Why I Love Spanish Bureaucracy, Part 1

May 21, 2003

When I booked a hotel for a week in August in Santillana del Mar, the hotel asked me to transfer some money to their bank account as a deposit, since they don’t accept credit cards. That was half an hour in the bank. They also wanted me to send the bank receipt. Knowing that in Spain, the photocopy is king, I photocopied the receipt: that was another 20 minutes, since there is always a queue in Spanish photocopy shops (incidentally, one reason why Spain is such fruitful territory for researchers is that there at least one archived copy of every document created in the country since about 1492). I stamped and sent the letter. Two days later it arrived back at my house with a mysterious message stamped on it: “DOBLE DE LA INSUFICIENCIA DE FRANQUEO: TASA 0,52€”. I looked at the stamp I’d put on: it said “65”. I didn’t understand: surely there wasn’t a problem with putting a stamp on for a higher value than the necessary amount? I asked in the local tobacconist, which is where stamps are sold. He pointed out that I’d accidentally used an old stamp worth 65 pesetas (the word “peseta” appeared nowhere on the stamp) and that peseta stamps are no longer valid, the period of grace being long over.

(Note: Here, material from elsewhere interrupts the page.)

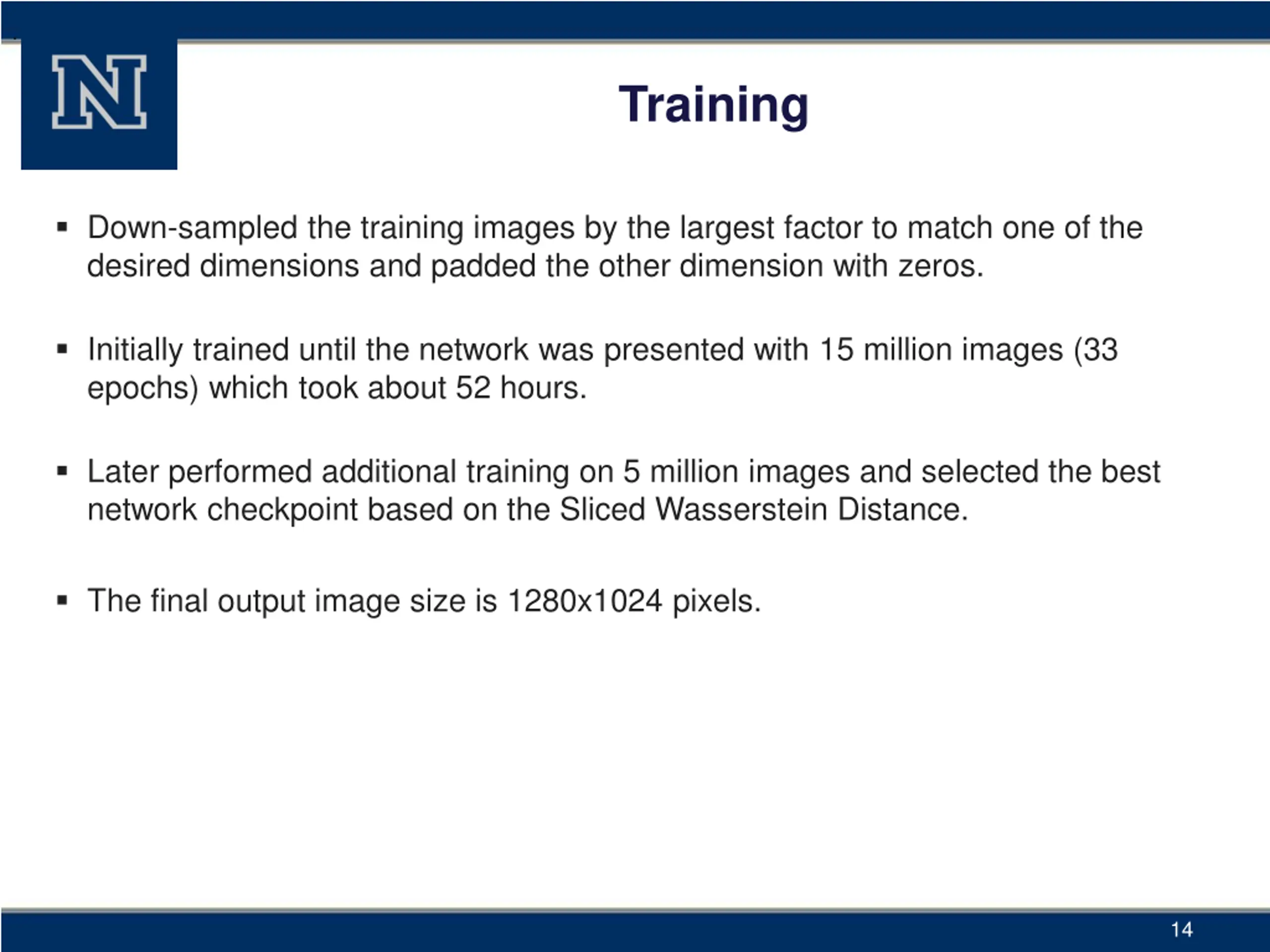 . Training Down-sampled the training images by the largest factor to match one of the desired dimensions and padded the other dimension with zeros. Initially trained until the network was presented with 15 million images (33 epochs) which took about 52 hours. Later performed additional training on 5 million images and selected the best network checkpoint based on the Sliced Wasserstein Distance. The final output image size is 1280x1024 pixels. 14

The price of a stamp for sending a letter inside Spain is €0,26, and to send the letter, I’d now have to pay twice the price of the missing stamp - €0,52. Effectively I’d been fined. “But,” I wondered cautiously, “can’t I just use a different envelope, one which doesn’t have the mysterious message stamped on it, and pay the normal €0,26?” “That’s what most people do,” the tobacconist said. “You don’t happen to have a spare envelope, do you?” I asked. “Yes,” he said, and handed me one over the counter. “Gracias,” I said.